By the time Vallon and Bill the Butcher have their climatic confrontation, however, their blood feud is beside the point. For it is taking place against the backdrop of a much larger one: the Civil War. At the very moment of their fight, the city is engulfed by the Draft Riots, a mass protest against conscription by the working class against the power of the state, to which the state responded with a massive show of federal force in the form of Union army, who, for so long seemingly irrelevant – the war is on the margins for much of the movie, finally overtaking the main story line – ultimately becomes the real enemy of the gangs of New York. The Civil War is traditionally represented as the triumph of federal government over a feudal plantation elite. Here we see that it’s not only slaveholding Southerners who are steamrolled by the power of the national state, but a local urban subculture as well. In “The Significance of the Frontier in American History,” Turner depicts the power of the national state as an implacable, but largely benign force that stitches the nation together. Here, it’s a terrible swift sword that slices cuts down existing growth to make room for a new society.

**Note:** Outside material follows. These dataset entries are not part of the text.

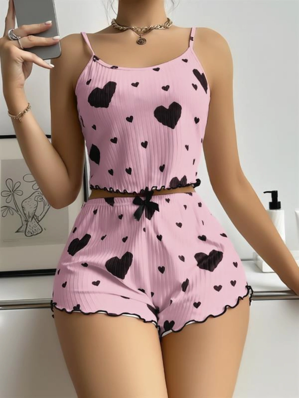 Yumuşacık pamuklu kumaşı ve fitilli dokusuyla konforu şıklıkla buluşturan bu pijama takımı, pembe zemin üzerindeki siyah kalp desenleriyle sevimli ve modern bir hava sunar. İnce askılı üstü ve elastik bel şortu ile yaz akşamlarınızın favorisi olacak.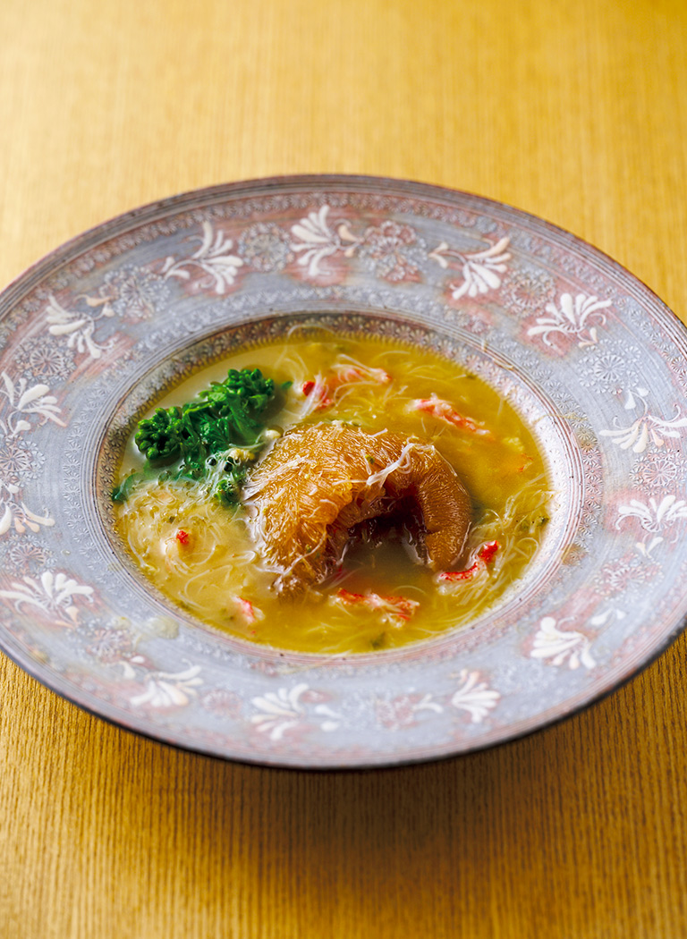 王道の「ふかひれの煮込み」は、シンプルでいて、とても複雑かつ繊細な味だ。それは生臭さを和らげるために昆布で出汁をとり、白湯に清湯を併せてクリアな味を前面に出しているからだ。素材の旨みのみをグッと引き出しているのがわかる。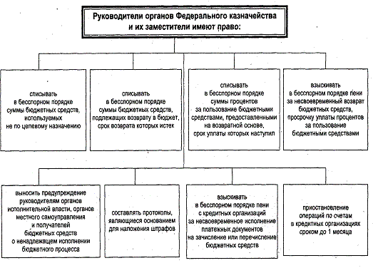 ) изъятие в бесспорном порядке следующих видов бюджетных средств: а) используемых не по целевому назначению; б) подлежащих возврату в бюджет, срок возврата которых истек; а также процентов (платы) за пользование бюджетными средствами, предоставленными на возвратной основе, срок уплаты которых наступил (ст. 289 - 291, 296 - 299, 302 - 303 БК РФ);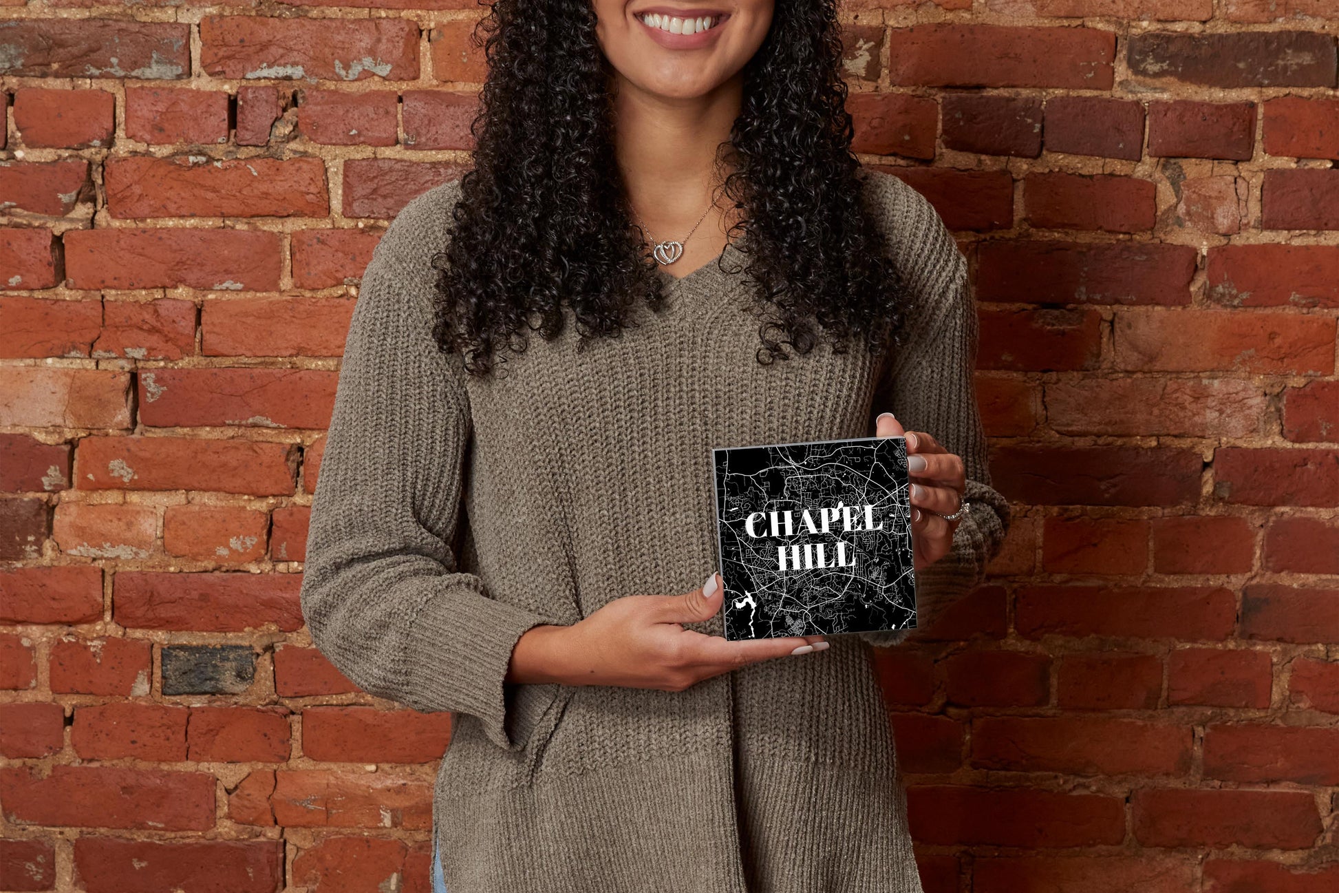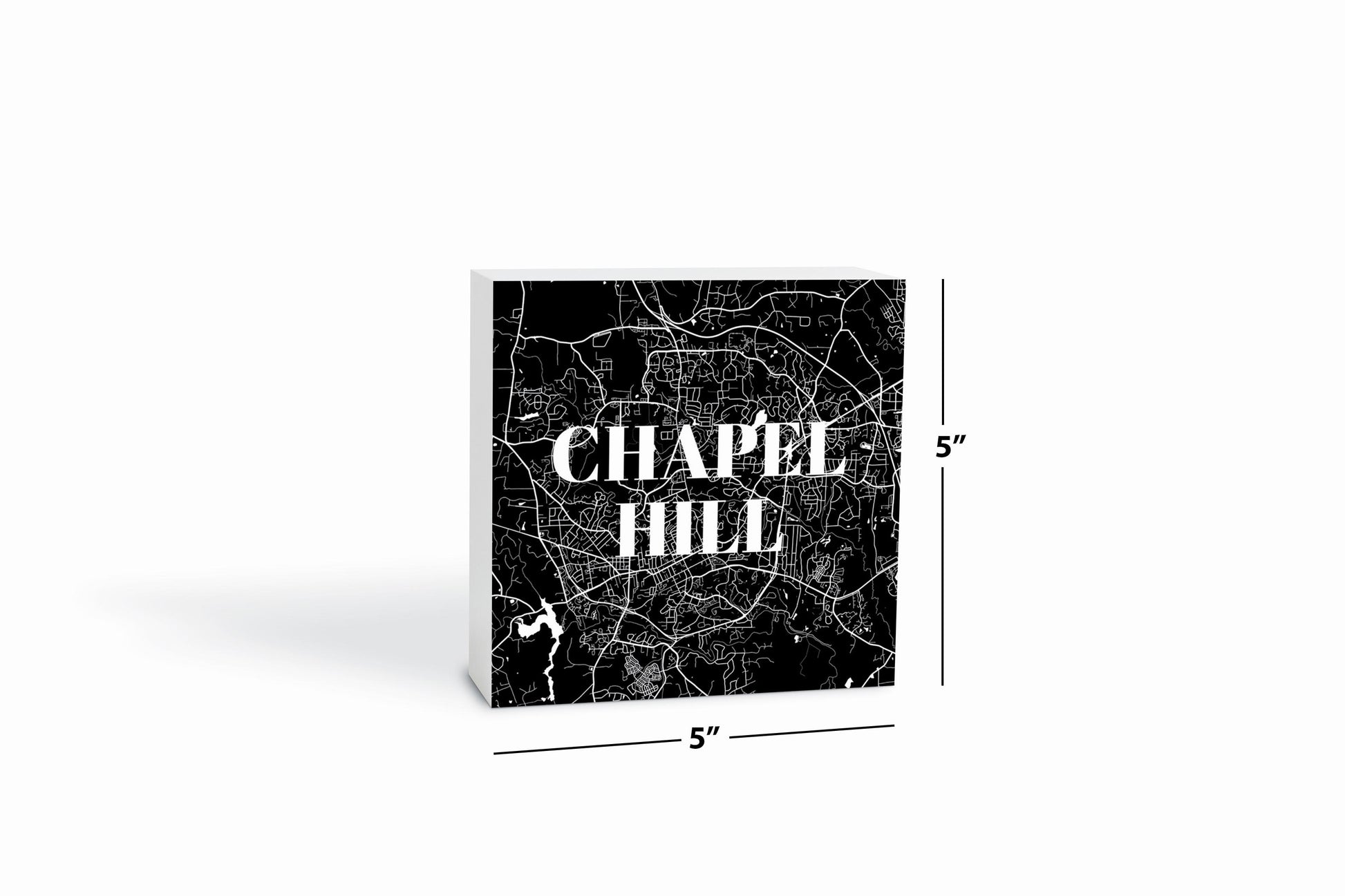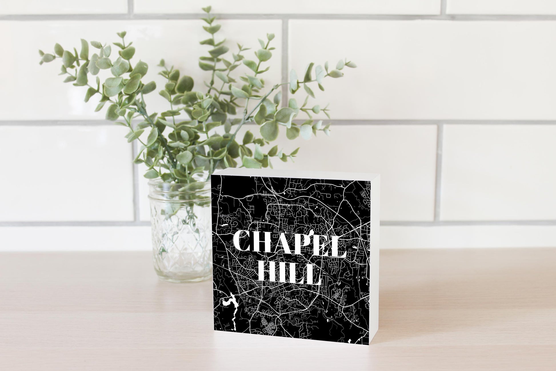 Minimalistic B&W North Carolina Chapel Hill Map | Wood Block | Eaches | Min 4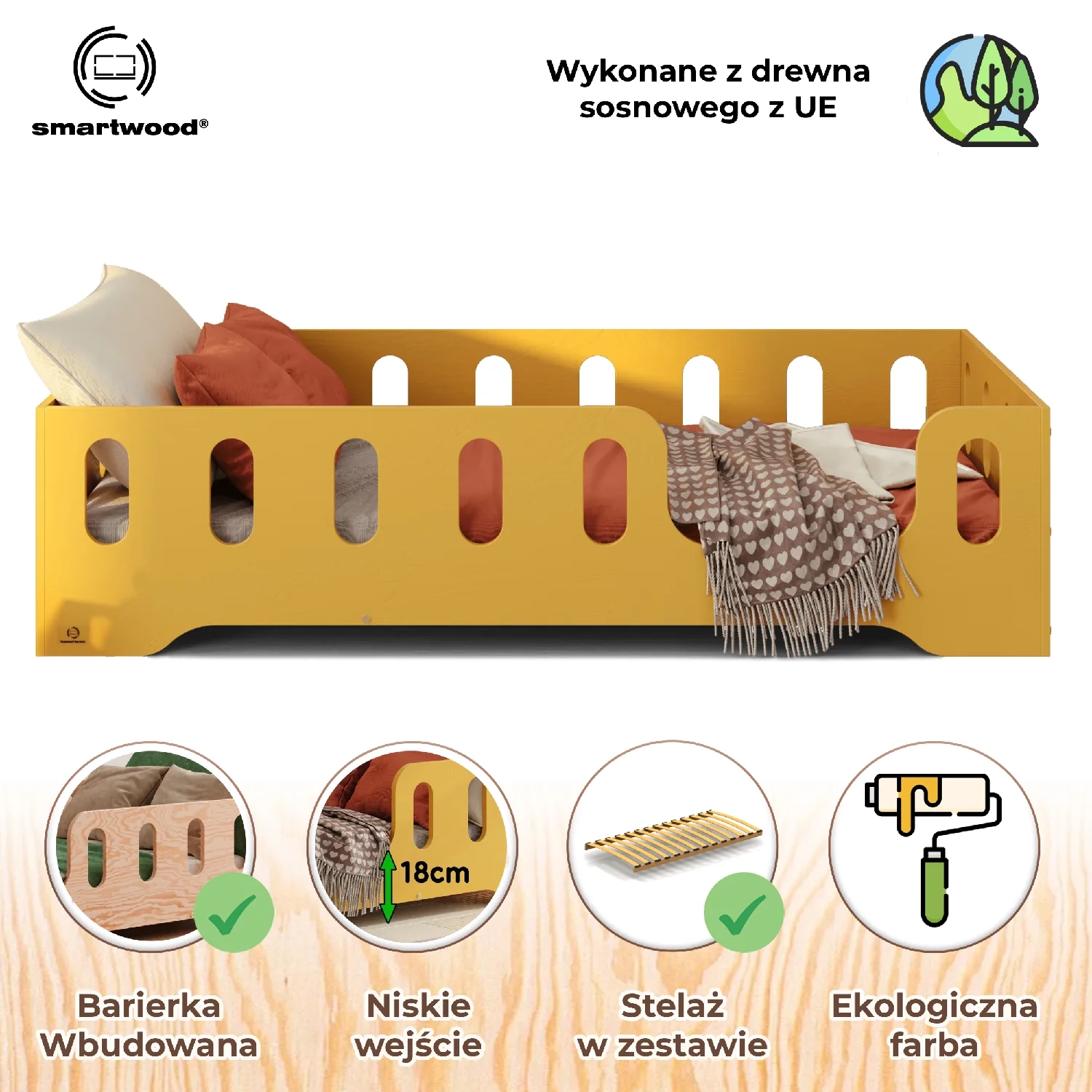Łóżko pojedyncze dla dzieci z barierką i stelażem TILA 2 Montessori Drewniane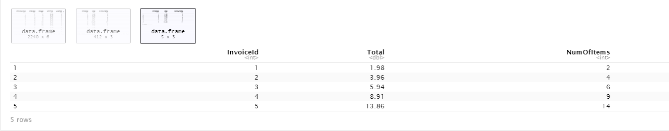 sqldf(c(“更新df集DiscPric = NumOfItems < 5"))
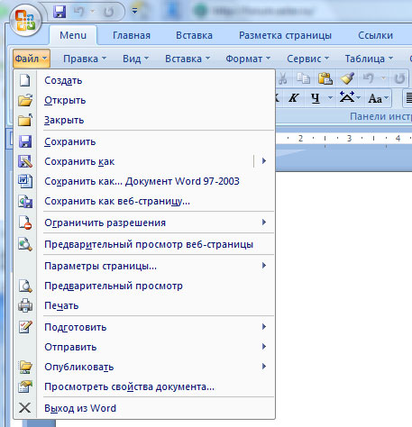 Обычные меню в Office 2007
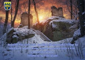 Srdečně Vás zveme na tradiční silvestrovský výšlap na zříceninu hradu Děvín. Sraz 31. prosince 2025 v 9:30 u Obecního úřadu. Těšíme se na Vaši účast!
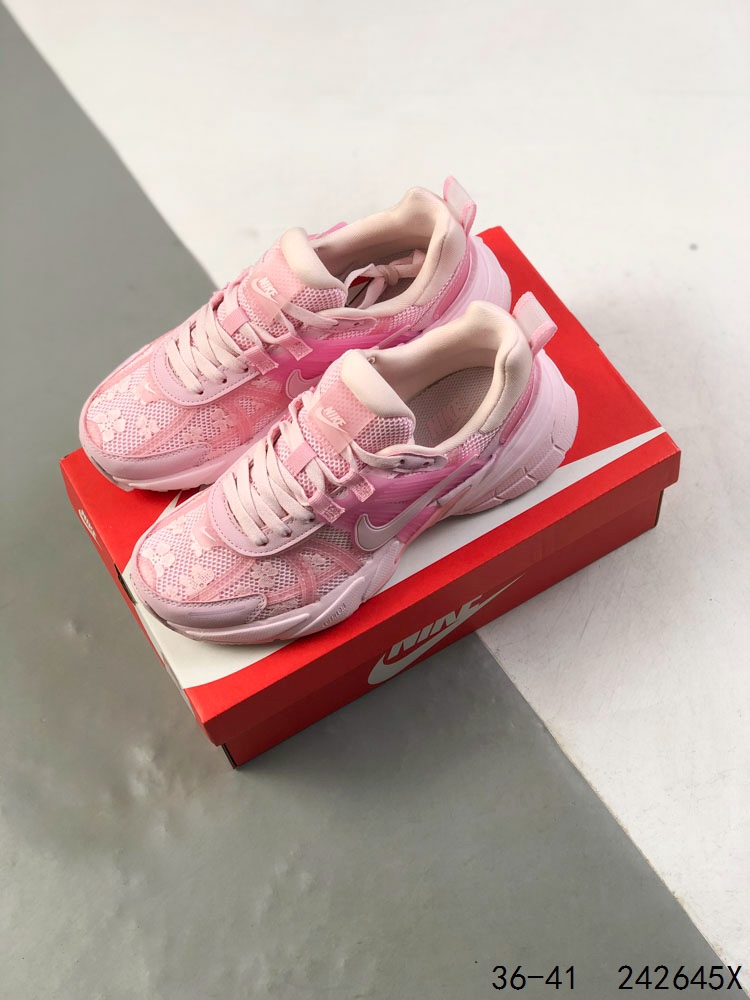 🈴️ 💰150 真标带半码! 耐克 NIKE V2K RUN跑步鞋 复古风潮 网面透气运动鞋 紧致的鞋面材质提供良好的包裹性 鞋侧 Swoosh以及鞋头部分搭配增添不少亮点的镀铬细节 鞋垫上印有Bill Bowerman头像 将细节拉满 中底饰有独特的做旧效果 最后搭载黑色外底 凸显整双鞋的复古气质 ID:242645X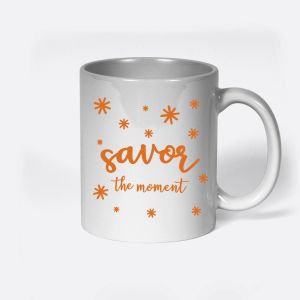 "Savor the Moment" Mug with Tea Cup & Flower Design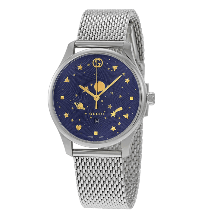 Gucci G-Timeless Moonphase Silver Mesh Bracelet Blue Dial Quartz Watch for Gents - GUCCI YA 126328

Scorsese underlines this point in an embellishment that did not actually happen, by bringing Union naval batteries to New York harbor, whose guns pulverize the paving stones of Paradise Square. The Butcher and Vallon can barely find each other amid the smoke, and the former is mortally wounded by a large piece of shrapnel that lodges in his gut. So it’s with something resembling grateful affection when the dying Butcher has a final moment with Vallon, both men on their knees, because he knows that Vallon will deliver the final blow. “Thank God: I die a true American,” the Butcher says – a line reputedly delivered by the real Bill Poole. Vallon then delivers the coup de grace by plunging a knife into him, an act of vengeance and compassion.

Gangs of New York represents a transposition of roles for Daniel Day-Lewis: In Last of the Mohicans, he was Hawkeye; this time he’s effectively Chingachgook. Like generations of dime novel readers and fans of westerns, we admire him in his savagery, which has a kind of nobility even as it is unacceptable as a basis for contemporary society. As with Indians of the frontier, Bill the Butcher must die so that we (a non-WASP multiracial majority) might live. It’s Leonardo DiCaprio’s Vallon who represents the synthesis of cultures who will survive as a hearty hybrid and make a modern America.

The problem is that one is haunted by a perception that he’s a lesser man. And that in some important respects the subsequent characters embodied by Daniel Day-Lewis in his narrative arc of American history are, too.